▶ Problem description:
Reproduce exactly the line containing "फरवरी 2026 में, जब" and each line after it until the listing ends, leaving pictures out.

▶ Given information:

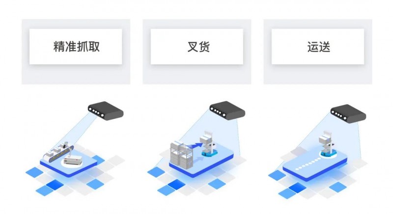 在產(chǎn)線上,RoboView Server 能夠連接多種不同類型的相機,如使用激光相機拍攝視野中任意位置的貨物,對獲取到的 3D 點云,運用點云算法識別、定位算法精確(最高可精度達到0.1mm)的計算出產(chǎn)品的位姿和外形尺寸信息,并發(fā)送給機械臂或 AGV,精準抓取、 裝包或叉貨、運送的任務,或是智能引導涂膠等
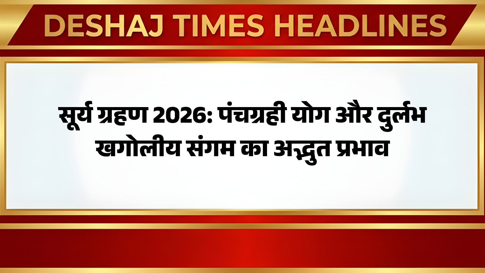 फरवरी 2026 में, जब अमावस्या तिथि का संयोग सूर्य ग्रहण के साथ बनेगा, तब एक और दुर्लभ ज्योतिषीय घटना आकार लेगी – पंचग्रही योग। यह अद्भुत खगोलीय संगम अनेक राशियों के लिए विशेष संदेश लेकर आएगा। आचार्य विनोद त्रिपाठी जैसे ज्योतिष विशेषज्ञों का मानना है कि ऐसे समय में ग्रहों की विशिष्ट स्थिति से उत्पन्न होने वाले प्रभाव अत्यधिक प्रबल होते हैं। आप पढ़ रहे हैं देशज टाइम्स बिहार का N0.1। यह पंचग्रही योग, सूर्य ग्रहण के साथ मिलकर, कुछ राशियों के लिए जहां सतर्कता का आह्वान करेगा, वहीं अन्य के लिए यह सौभाग्य और समृद्धि के द्वार खोल सकता है।
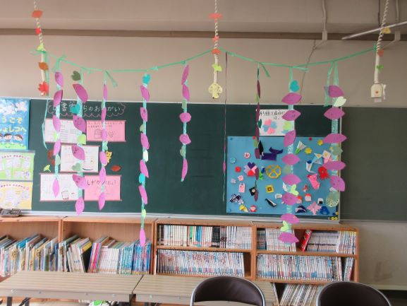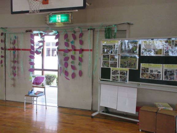 菜の花会 図書ボランティアの方々の呼びかけで、全校でさつまいもの形の紙に思い思いの顔を描きました。それを今日、ボランティアの方たちがかわいい飾りにして、図書館に飾ってくださいました。学校の芋掘りはまだですが、一足早く秋の様子になりました!自分の書いた顔を探しに図書館に来てくれる子どもたちが増えるといいなと思っています。ボランティアの方々ありがとうございました。
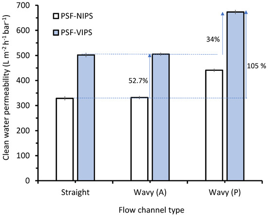 The membrane properties and module configuration can affect the module performance in membrane filtration [34,35]. The term “packing density” is based on the possibility of packing a specific membrane area in a particular module volume. Figure 2 compares the clean water permeability of the two membranes under the flat and wavy flow channels, showing clear advantages of the modified membrane under the wavy flow channel. The CWP of the PSF-NIPS and the PSF-VIPS were 329 ± 8 L m−2 h−1 bar−1 and 502 ± 9 L m−2 h−1 bar−1, respectively, corresponding to a 52.7% increment. When the modified membrane (PSF-VIPS) was evaluated under the wavy flow channel, the permeability was 673 ± 8 L m−2 h−1 bar−1, yielding an advantage of 105% over the PSF-NIPS. The advantage of PSF-VIPS over PSF-NIPS could be attributed to the improved properties of the membranes (Section 3.1) gained from the vapor-induced phase separation fabrication discussed in our earlier work [20].
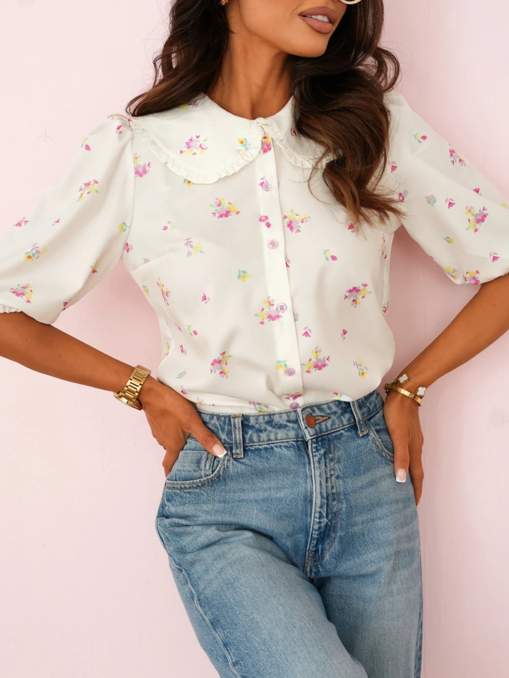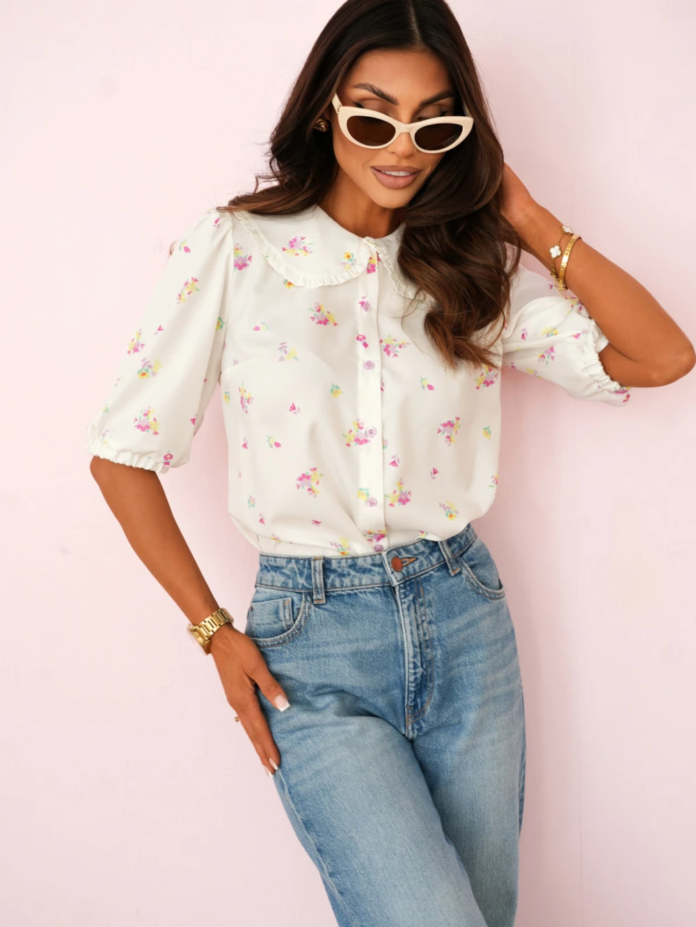 Koszula z kołnierzem retro i bufkami Alice śmietankowa w różowo-żółte kwiatki

▶ Answer box:
 फरवरी 2026 में, जब अमावस्या तिथि का संयोग सूर्य ग्रहण के साथ बनेगा, तब एक और दुर्लभ ज्योतिषीय घटना आकार लेगी – पंचग्रही योग। यह अद्भुत खगोलीय संगम अनेक राशियों के लिए विशेष संदेश लेकर आएगा। आचार्य विनोद त्रिपाठी जैसे ज्योतिष विशेषज्ञों का मानना है कि ऐसे समय में ग्रहों की विशिष्ट स्थिति से उत्पन्न होने वाले प्रभाव अत्यधिक प्रबल होते हैं। आप पढ़ रहे हैं देशज टाइम्स बिहार का N0.1। यह पंचग्रही योग, सूर्य ग्रहण के साथ मिलकर, कुछ राशियों के लिए जहां सतर्कता का आह्वान करेगा, वहीं अन्य के लिए यह सौभाग्य और समृद्धि के द्वार खोल सकता है।
 菜の花会 図書ボランティアの方々の呼びかけで、全校でさつまいもの形の紙に思い思いの顔を描きました。それを今日、ボランティアの方たちがかわいい飾りにして、図書館に飾ってくださいました。学校の芋掘りはまだですが、一足早く秋の様子になりました!自分の書いた顔を探しに図書館に来てくれる子どもたちが増えるといいなと思っています。ボランティアの方々ありがとうございました。
 The membrane properties and module configuration can affect the module performance in membrane filtration [34,35]. The term “packing density” is based on the possibility of packing a specific membrane area in a particular module volume. Figure 2 compares the clean water permeability of the two membranes under the flat and wavy flow channels, showing clear advantages of the modified membrane under the wavy flow channel. The CWP of the PSF-NIPS and the PSF-VIPS were 329 ± 8 L m−2 h−1 bar−1 and 502 ± 9 L m−2 h−1 bar−1, respectively, corresponding to a 52.7% increment. When the modified membrane (PSF-VIPS) was evaluated under the wavy flow channel, the permeability was 673 ± 8 L m−2 h−1 bar−1, yielding an advantage of 105% over the PSF-NIPS. The advantage of PSF-VIPS over PSF-NIPS could be attributed to the improved properties of the membranes (Section 3.1) gained from the vapor-induced phase separation fabrication discussed in our earlier work [20].
 Koszula z kołnierzem retro i bufkami Alice śmietankowa w różowo-żółte kwiatki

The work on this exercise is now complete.